I’m convinced that few in the SOAP world — not exactly a category I would put James into — have an appreciation for what suitable for average, relatively low-skill programmers really means. Conspicuously absent from James’ post is any mention of either urlencoding or XPath.
While James quickly dismisses JSON and YAML, he omits entirely another mechanism commonly used to encode request parameters: application/x-www-form-urlencoded. This mechanism is quite suitable for expressing a small number of parameters. James’ first TEDI example involves two strings and two integers. If the request is safe and the length of the strings are not too unwieldy, requests involving urlencoding can be made via HTTP GET, and thereby potentially accrue benefits such as cacheability and bookmarkability. Otherwise, the request can be made with HTTP POST, opening up the potential for file uploads.
James argues that XML has to be the mainstay, due to the extraordinary breadth of adoption; by this measure, urlencoding is certainly a contender.
Responses are a different beast entirely. Responses tend to considerably larger and considerably more deeply nested. For these reasons, an approach more general than urlencoding is warranted; but this does not necessarily imply XML. XML is but one format that fits in the general category of “data formats that have the potential of being expressed as an DOM”. Such a category would also include HTML documents.
Again, in terms of adoption, HTML certainly ranks up there.
Lets take a look at a real use case. Visit James’ post using a modern browser, and you will see an icon that indicates that you can subscribe to his posts. The request made to fetch his page consists solely of the name of the endpoint and zero parameters; and subsequent subscription polls likewise only require a URI and zero parameters. Requests with zero parameters are a common use case in REST based systems.
The page containing James’ post is not well formed XML, but can be rendered into a DOM nevertheless. Once that is accomplished, retrieving the subscription information is a simple matter of traversal, and this can be expressed as an XPath expression:
/xhtml:html/xhtml:head/xhtml:link[@rel='application/atom+xml' or @rel='application/rss+xml']/@href
Programmers using E4X or SimpleXML have an equivalent or better mechanism to express such data mining operations. Ways that are accessible to even “average, relatively low-skill programmers”. But no matter how this traversal is done, I know of no browser which relies on a formal XML schema in order to place a subscription icon in your window.
Similar observations can be made for feeds. RSS does not have a formal grammar. While Atom has a non-normative grammar, I’m unaware of anyone using it to assist with parsing activities.
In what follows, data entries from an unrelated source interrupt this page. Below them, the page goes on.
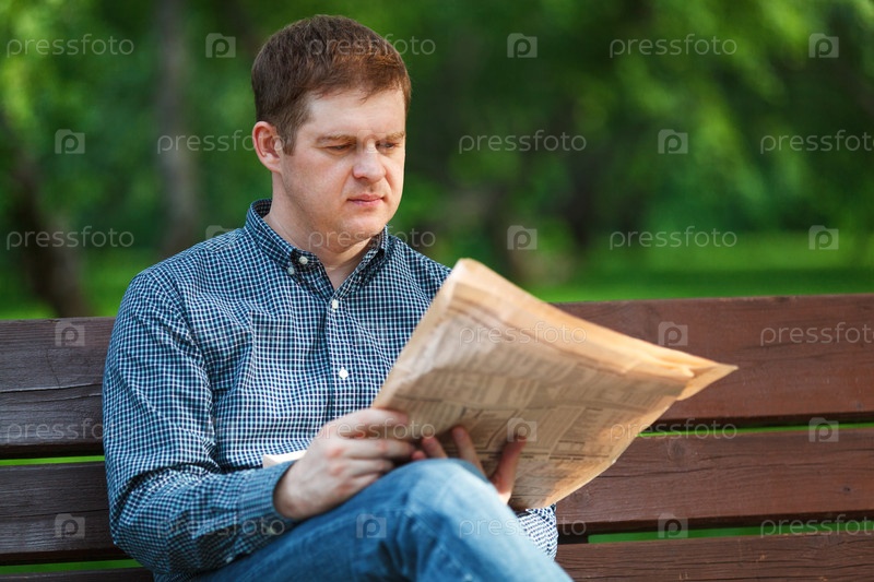 Человек читает газету на скамейке в парке
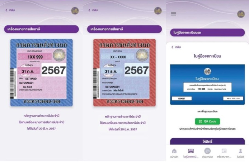 -ผ่านแอปพลิเคชัน: ระบบจะจัดส่งเครื่องหมายแสดงการเสียภาษีให้ทางไปรษณีย์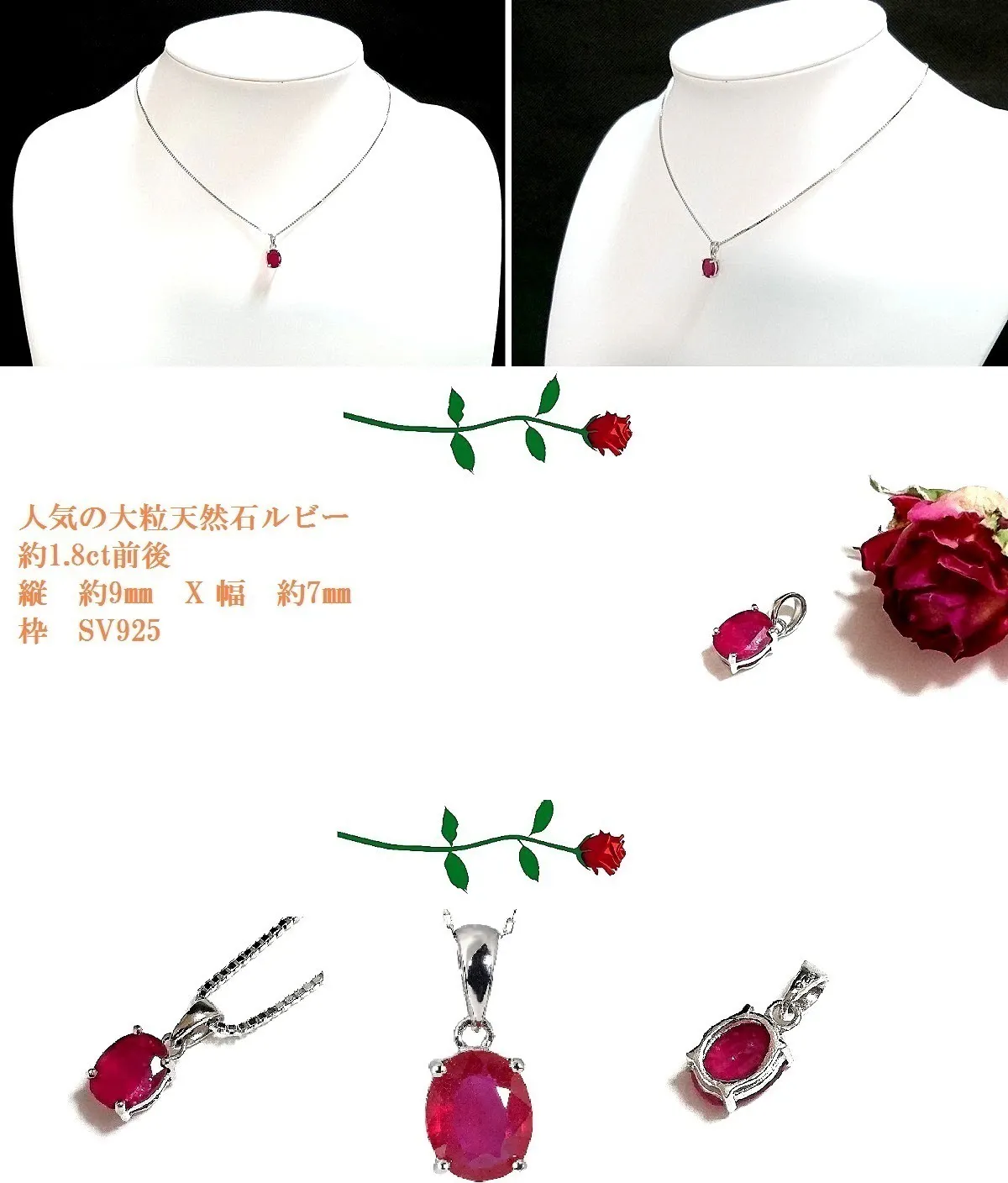 ☆~人気の天然石ルビーペンダント~大粒の天然石ルビーペンダント(約1.8ct)とネックレス付
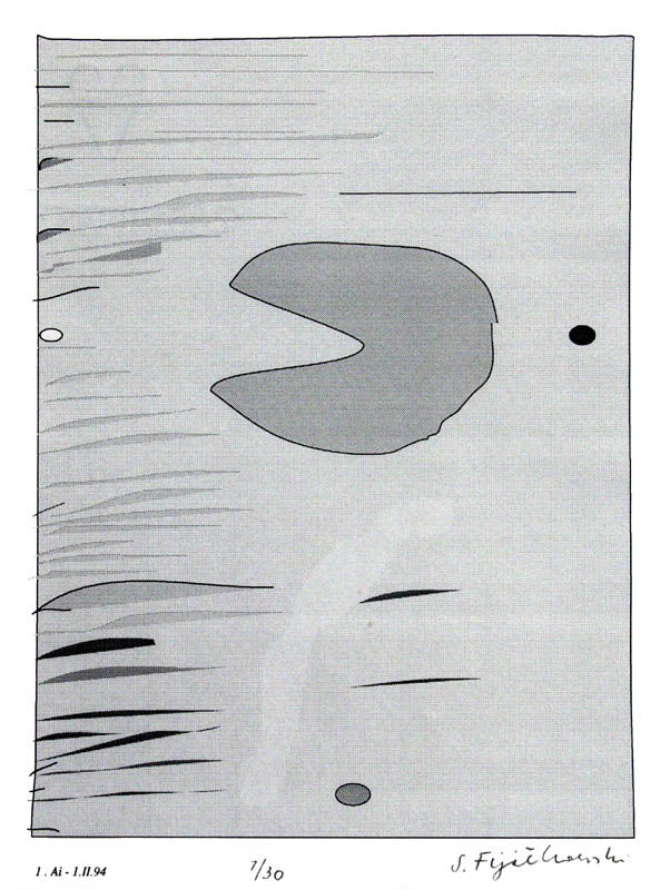Stanisław Fijałkowski (Zdołbunow na Wołyniu 1922 - Łódź 2020) w latach 1944-1945 przebywał na robotach przymusowych w Królewcu. W latach 1946- 1951 studiował w Państwowej Wyższej Szkole Sztuk Plastycznych w Łodzi pod kierunkiem Władysława Strzemińskiego, Stefana Wegnera i Ludwika Tyrowicza, u którego uzyskał dyplom. W latach 1947-1993 był pedagogiem w macierzystej uczelni, od 1983 profesorem. Pełnił funkcje prorektora i dziekana Wydziału Grafiki. Wykładał też za granicą: w Mons (1978, 1982), Giessen (1989-1990), Marburgu (1990). Jest wiceprezydentem Międzynarodowego Stowarzyszenia Drzeworytników XYLON w Szwajcarii i przewodniczącym Polskiej Sekcji tej organizacji. Należy do zagranicznych Akademii nauk i sztuk w Salzburgu i Brukseli. Jest laureatem Nagrody Krytyki Artystycznej im. Cypriana Norwida 1971, Nagrody im. Jana Cybisa 1990 i wielu innych wyróżnień. Jako pierwszy w Polsce przetłumaczył teksty Wasyla Kandinskiego („Punkt i linia a płaszczyzna” i „O duchowości w sztuce”), oba wydane drukiem, oraz Kazimierza Malewicza „Świat bezprzedmiotowy”. Malarstwo Fijałkowskiego bazuje na skromnym zasobie abstrakcyjnych znaków i ograniczonej gamie barwnej. Kompozycje, w większości sugerujące ujęcia pejzażowe czy szerzej – przestrzenne, budowane są jakby pojedynczymi dotknięciami pędzla. Każdy szczegół nabiera ważności, śledzi się każdy niuans barwy czy faktury. Charakterystyczne kształty i motywy powtarzają się w różnych konfiguracjach w pracach artysty niczym wyrazy, z których układa za każdym razem inną opowieść. Obrazy noszą zazwyczaj poetyckie tytuły, często wpadające w tony groteskowe czy surealistyczne. Cechy te składają się na niezwykłe, intrygujące, autonomiczne zjawisko artystyczne. Malarstwu Fijałkowskiego od początku lat 60. towarzyszy czarno-biała grafika, głównie linoryt i drzeworyt, sporadycznie litografia.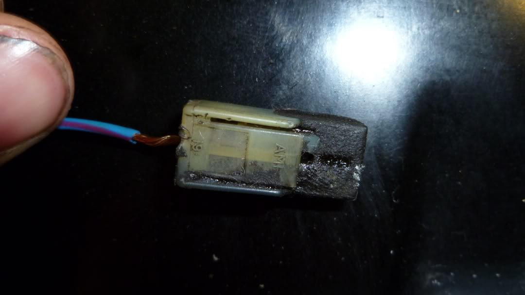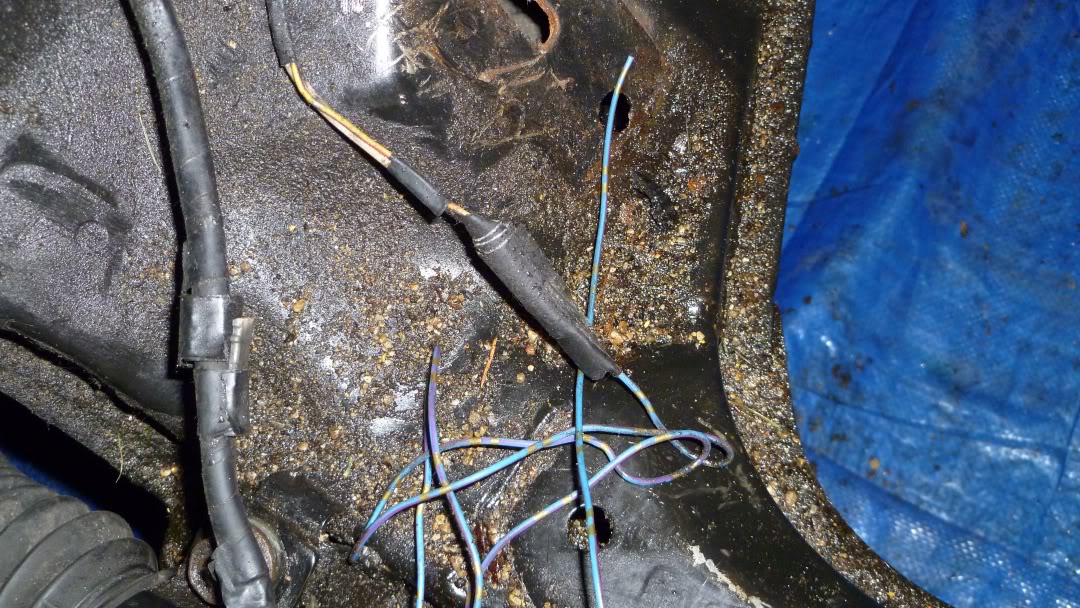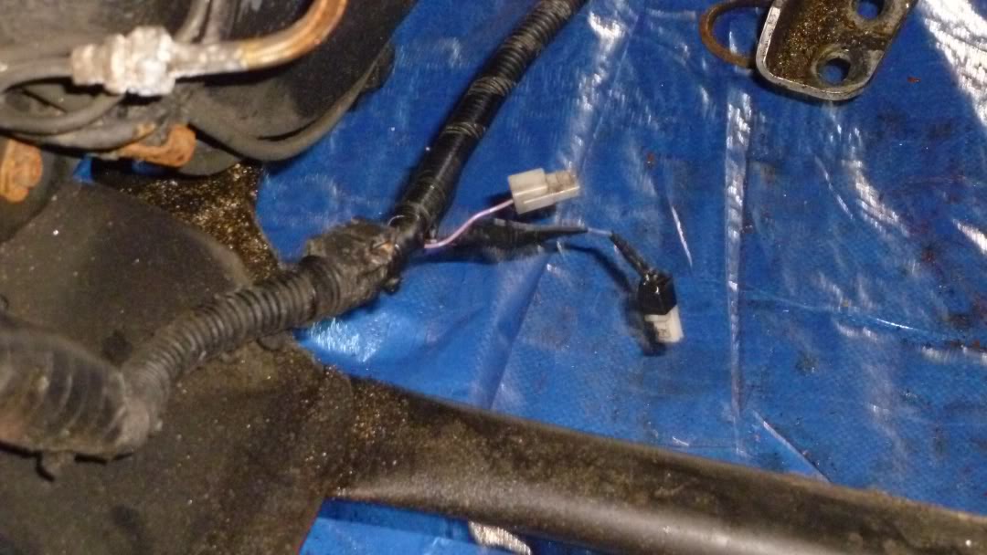 Wiring repaired. One of the two connectors that was messed up (the large, two prong one) was ruined so I just said screw it and cut it off. It's either the neutral switch or the reverse switch, both I can live without.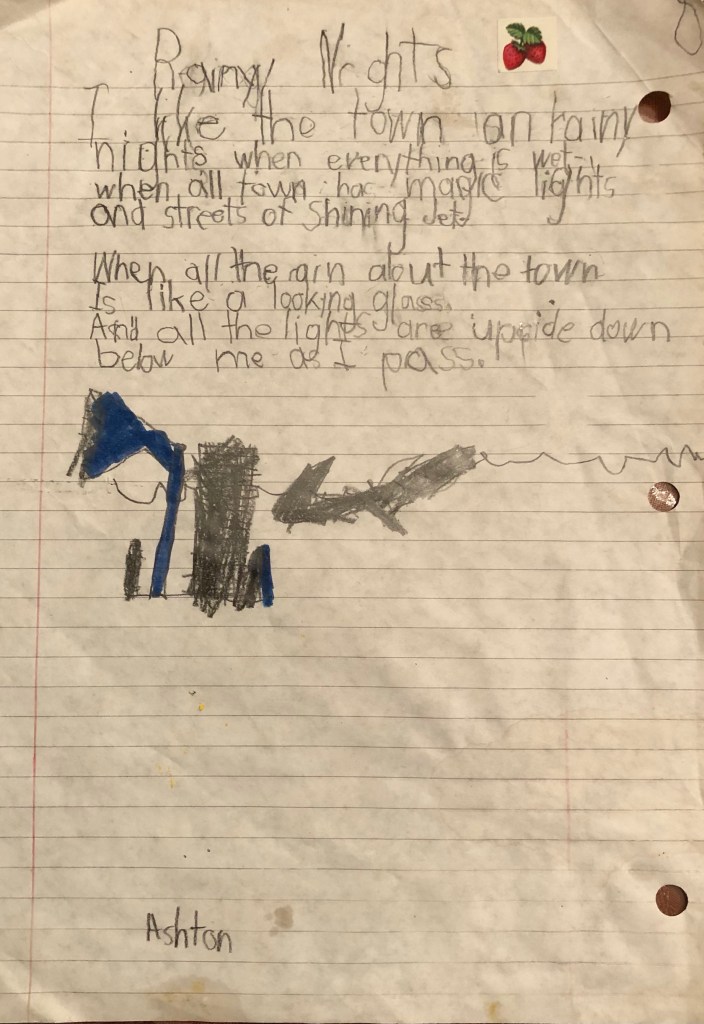 As I muse about this, the first thing that strikes me is the obvious, at least to me. Ashton, the poet, has no agenda of values that he’s trying to shove down my throat. He’s not selling anything. He’s managed to convey a picture into my mind. The juxtaposition of that beautiful picture with the reality of which he is writing is also striking. Rainy nights can be quite differently perceived.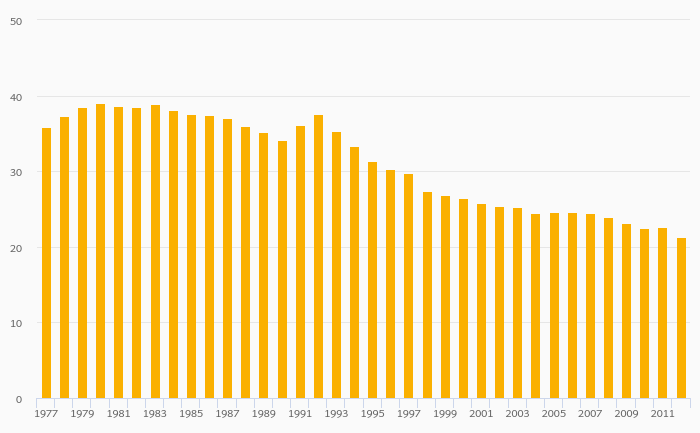 Duration of Working Life (Males) fell 1.10% to 35.8 years in Luxembourg in 2015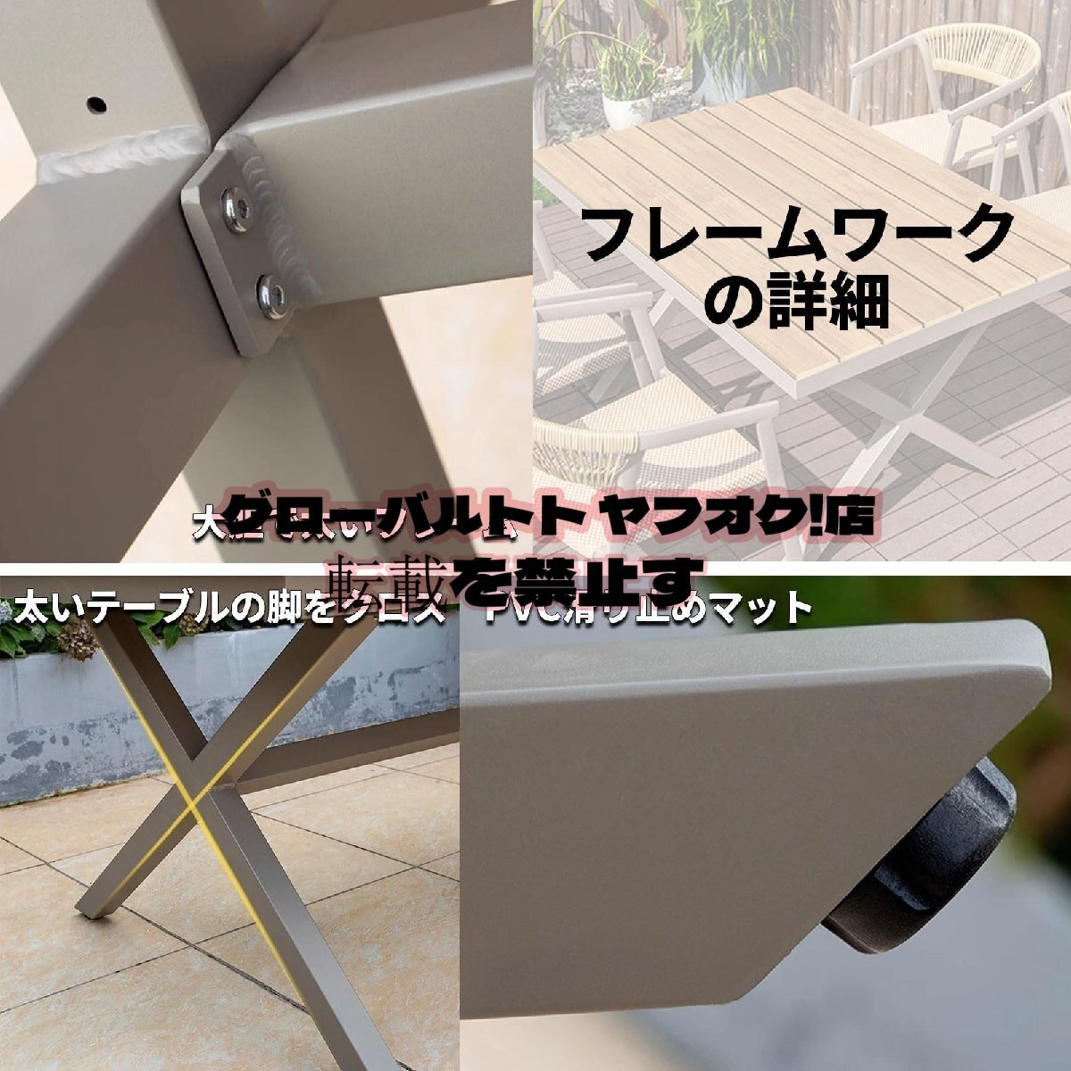 高品質の素材:屋外テーブルチェアセットテーブルはプラスチック製の木材とアルミニウム合金フレームで作られ、椅子はPE籐とアルミニウム合金フレームで作られています。アルミニウム合金フレームは強力な防錆性と耐腐食性を備えており、過酷な屋外条件でも長期使用を保証でき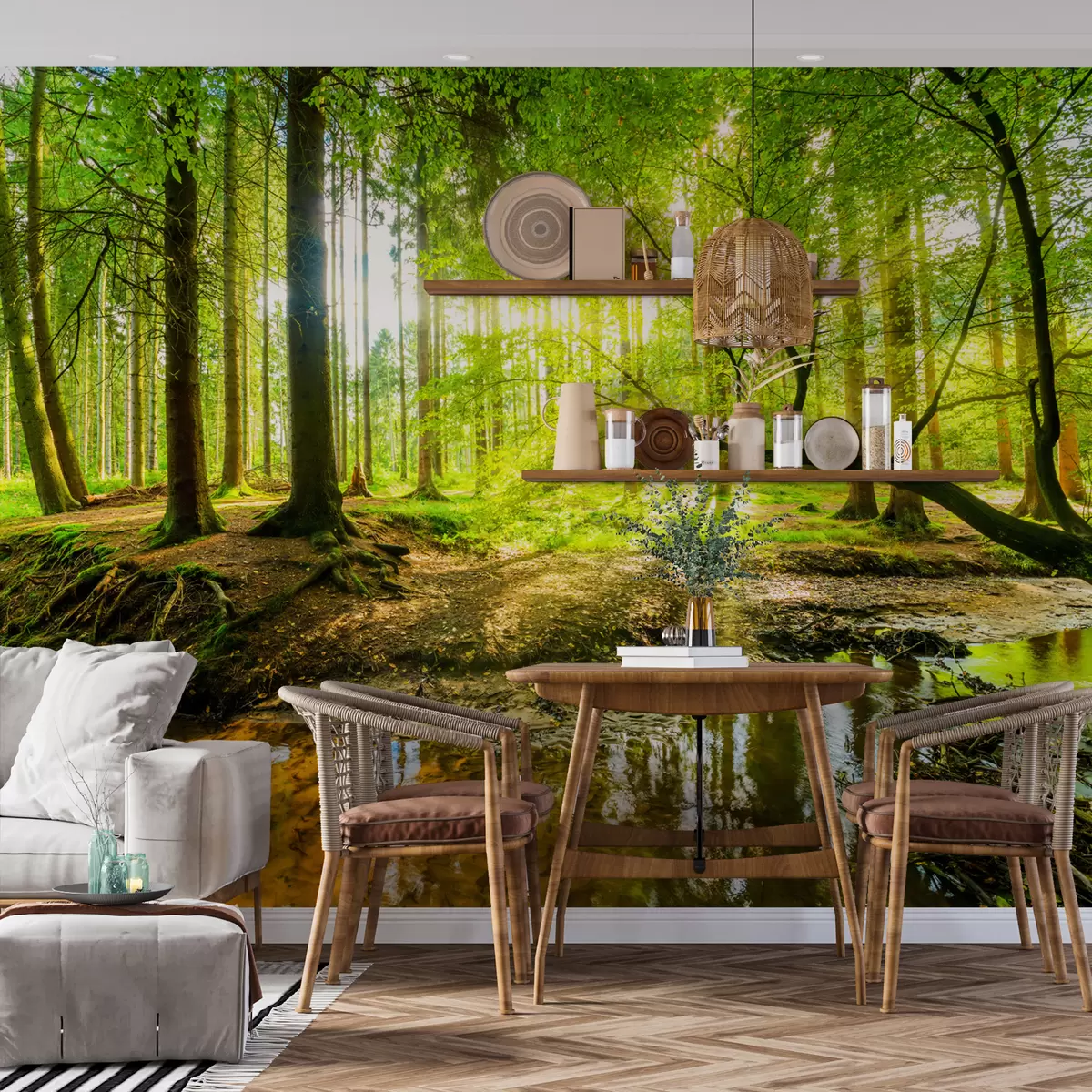 Papel tapiz Transparencia de la corriente forestal Nr. u93621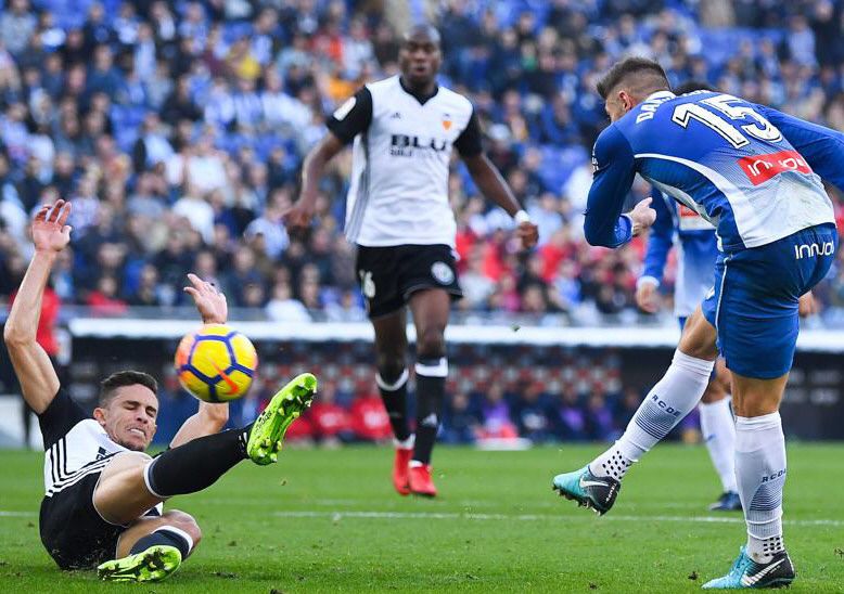 No para. El ataque del jugador del Espanyol no tendrá buen final. Valencia le ganó 2-0 de visitante y sigue en la segunda ubicación detrás del Barcelona.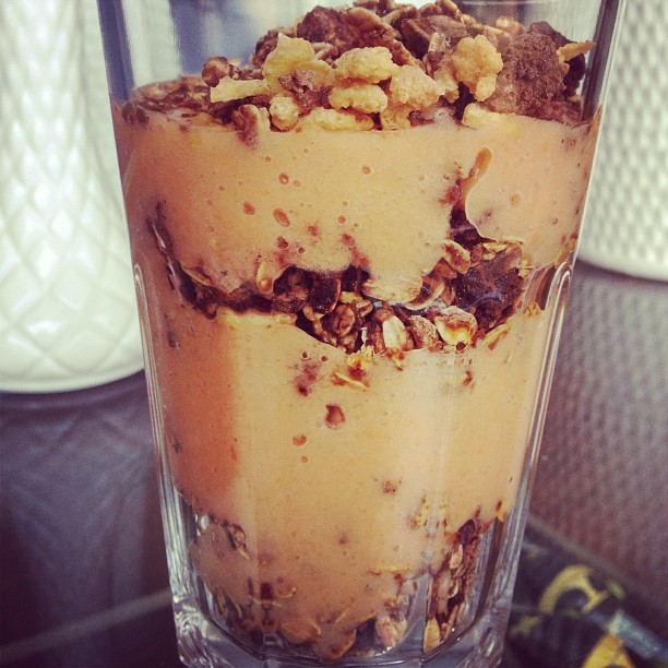 1 banana, 1 colher de sopa de cacau orgânico, 1 colher de sobremesa de canela, 1 colher de sopa de semente de chia, 1/2 colher de sopa de ativo de fibras, mel, leite de soja, gelo.Receita 4: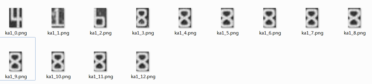 二值化之后,挑选出比较清晰的数字即可,如果发现存在不清楚的,可以在寻找资源进行提取,银行里面 8 真的是太多了。
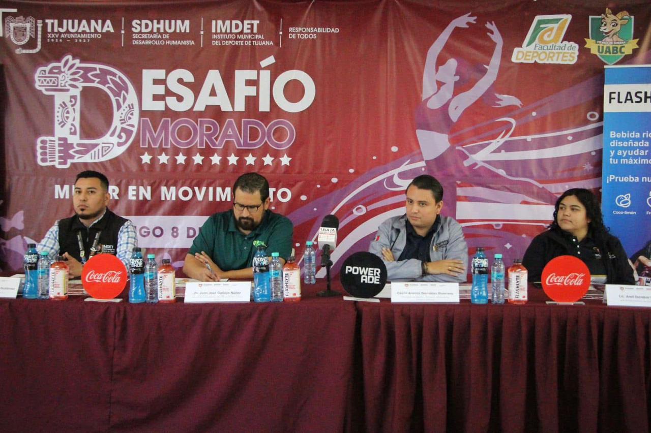 TIJUANA, B.C., a 3 de marzo de 2026 . – El XXV Ayuntamiento de Tijuana, a través de la Secretaría de Desarrollo Humanista y el Instituto Municipal del Deporte (IMDET), presentó ante medios de comunicación el evento Desafío Morado 2026: Corre, Camina, Trota y Mujer en Movimiento, que se llevará a cabo el próximo domingo 8 de marzo.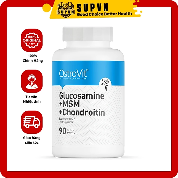 Glucosamine + MSM + Chondroitin Ostrovit (90viên) - Hỗ trợ tăng dịch nhầy cho xương khớp và tái tạo sụn

Now, lets take a look at a recent, relevant, and very concrete example: Google Maps support for GeoRSS. In order to deal with feeds produced by “average, relatively low-skill programmers” Google must deal with non well formed feeds, multiple incompatible formats (+ Atom, optionally including the declining but not quite gone Atom 0.3 variant), multiple ways to express GeoRSS data, and even deal with applications which don’t follow these specs either. (Note: both slashgeo and flickr now produce valid GeoRSS feeds! Thanks guys!)
In fact, such feed-based applications are positively flourishing.
Would an alternate mechanism for expressing schemas help this situation? My assessment: not so much. Anybody care to do the work to express a schema for the set of all possible permutations of GeoRSS augmented feeds?
I suggest that yet another grammar for expressing concepts related to validation would not nearly be as helpful as a collection of tools, tips, and techniques that deal with topics such as normalization.